Provided entries

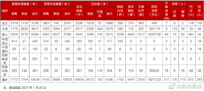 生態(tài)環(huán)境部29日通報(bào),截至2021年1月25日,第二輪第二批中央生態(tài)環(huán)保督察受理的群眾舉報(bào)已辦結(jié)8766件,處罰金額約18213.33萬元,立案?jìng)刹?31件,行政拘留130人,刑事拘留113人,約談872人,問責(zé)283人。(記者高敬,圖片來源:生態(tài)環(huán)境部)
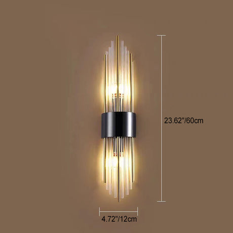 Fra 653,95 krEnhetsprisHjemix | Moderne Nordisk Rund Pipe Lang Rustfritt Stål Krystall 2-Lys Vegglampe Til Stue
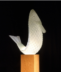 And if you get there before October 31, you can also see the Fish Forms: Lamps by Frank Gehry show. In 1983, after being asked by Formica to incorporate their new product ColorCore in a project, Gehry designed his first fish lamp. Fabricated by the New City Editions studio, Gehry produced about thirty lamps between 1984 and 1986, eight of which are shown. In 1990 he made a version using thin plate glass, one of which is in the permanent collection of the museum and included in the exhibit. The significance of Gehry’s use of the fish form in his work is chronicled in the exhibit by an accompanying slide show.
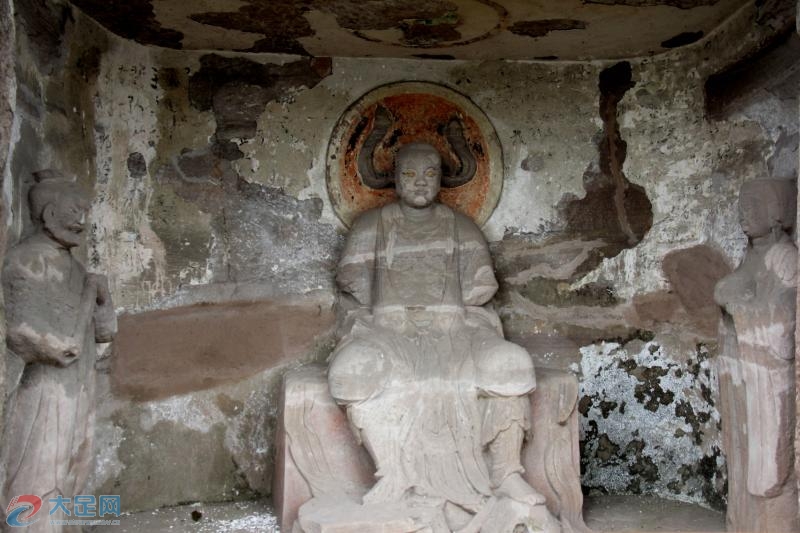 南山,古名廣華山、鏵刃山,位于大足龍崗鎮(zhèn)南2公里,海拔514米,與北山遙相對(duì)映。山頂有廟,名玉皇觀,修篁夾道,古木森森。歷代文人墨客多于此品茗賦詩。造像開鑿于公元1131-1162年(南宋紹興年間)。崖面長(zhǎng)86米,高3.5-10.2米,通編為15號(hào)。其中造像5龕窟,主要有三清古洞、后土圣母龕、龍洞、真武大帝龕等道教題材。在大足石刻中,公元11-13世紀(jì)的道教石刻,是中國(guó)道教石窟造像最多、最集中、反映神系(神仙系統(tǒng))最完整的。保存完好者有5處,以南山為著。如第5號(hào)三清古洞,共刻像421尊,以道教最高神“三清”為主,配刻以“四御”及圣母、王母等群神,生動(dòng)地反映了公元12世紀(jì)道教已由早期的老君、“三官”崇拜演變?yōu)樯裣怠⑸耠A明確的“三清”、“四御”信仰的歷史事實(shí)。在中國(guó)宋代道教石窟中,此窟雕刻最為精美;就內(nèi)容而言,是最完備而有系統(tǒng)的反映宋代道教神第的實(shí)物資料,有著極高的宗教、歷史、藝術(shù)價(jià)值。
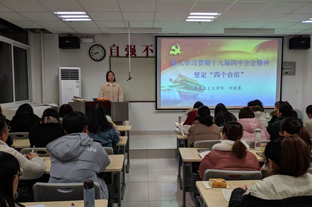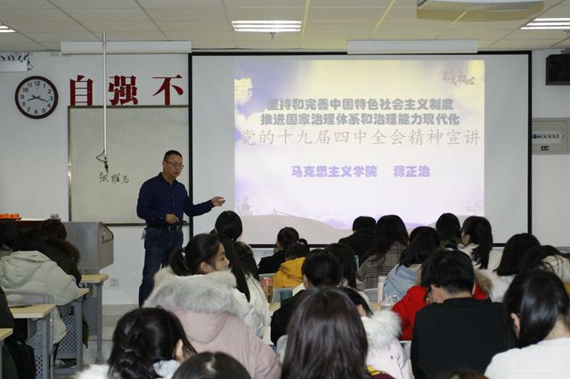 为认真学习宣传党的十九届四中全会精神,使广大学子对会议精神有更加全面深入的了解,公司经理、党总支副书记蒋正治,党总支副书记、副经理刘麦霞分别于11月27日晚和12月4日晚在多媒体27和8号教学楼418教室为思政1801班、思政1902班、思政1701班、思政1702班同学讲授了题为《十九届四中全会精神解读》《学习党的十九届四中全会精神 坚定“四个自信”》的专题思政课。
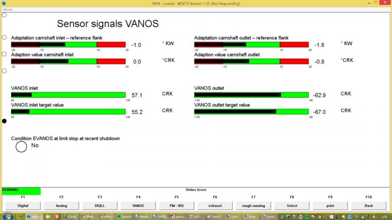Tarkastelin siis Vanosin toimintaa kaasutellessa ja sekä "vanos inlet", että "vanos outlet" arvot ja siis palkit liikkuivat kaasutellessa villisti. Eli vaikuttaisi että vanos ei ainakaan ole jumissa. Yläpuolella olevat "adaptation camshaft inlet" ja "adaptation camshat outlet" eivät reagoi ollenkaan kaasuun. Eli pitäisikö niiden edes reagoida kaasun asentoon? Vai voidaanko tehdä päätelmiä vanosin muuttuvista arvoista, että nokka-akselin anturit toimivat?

Try it
Extract only the lines from the line containing "南山,古名廣華山、鏵刃山,位" through the final line of the records; keep both ends and drop every picture.

Solution for this task
 南山,古名廣華山、鏵刃山,位于大足龍崗鎮(zhèn)南2公里,海拔514米,與北山遙相對(duì)映。山頂有廟,名玉皇觀,修篁夾道,古木森森。歷代文人墨客多于此品茗賦詩。造像開鑿于公元1131-1162年(南宋紹興年間)。崖面長(zhǎng)86米,高3.5-10.2米,通編為15號(hào)。其中造像5龕窟,主要有三清古洞、后土圣母龕、龍洞、真武大帝龕等道教題材。在大足石刻中,公元11-13世紀(jì)的道教石刻,是中國(guó)道教石窟造像最多、最集中、反映神系(神仙系統(tǒng))最完整的。保存完好者有5處,以南山為著。如第5號(hào)三清古洞,共刻像421尊,以道教最高神“三清”為主,配刻以“四御”及圣母、王母等群神,生動(dòng)地反映了公元12世紀(jì)道教已由早期的老君、“三官”崇拜演變?yōu)樯裣怠⑸耠A明確的“三清”、“四御”信仰的歷史事實(shí)。在中國(guó)宋代道教石窟中,此窟雕刻最為精美;就內(nèi)容而言,是最完備而有系統(tǒng)的反映宋代道教神第的實(shí)物資料,有著極高的宗教、歷史、藝術(shù)價(jià)值。
 为认真学习宣传党的十九届四中全会精神,使广大学子对会议精神有更加全面深入的了解,公司经理、党总支副书记蒋正治,党总支副书记、副经理刘麦霞分别于11月27日晚和12月4日晚在多媒体27和8号教学楼418教室为思政1801班、思政1902班、思政1701班、思政1702班同学讲授了题为《十九届四中全会精神解读》《学习党的十九届四中全会精神 坚定“四个自信”》的专题思政课。
Tarkastelin siis Vanosin toimintaa kaasutellessa ja sekä "vanos inlet", että "vanos outlet" arvot ja siis palkit liikkuivat kaasutellessa villisti. Eli vaikuttaisi että vanos ei ainakaan ole jumissa. Yläpuolella olevat "adaptation camshaft inlet" ja "adaptation camshat outlet" eivät reagoi ollenkaan kaasuun. Eli pitäisikö niiden edes reagoida kaasun asentoon? Vai voidaanko tehdä päätelmiä vanosin muuttuvista arvoista, että nokka-akselin anturit toimivat?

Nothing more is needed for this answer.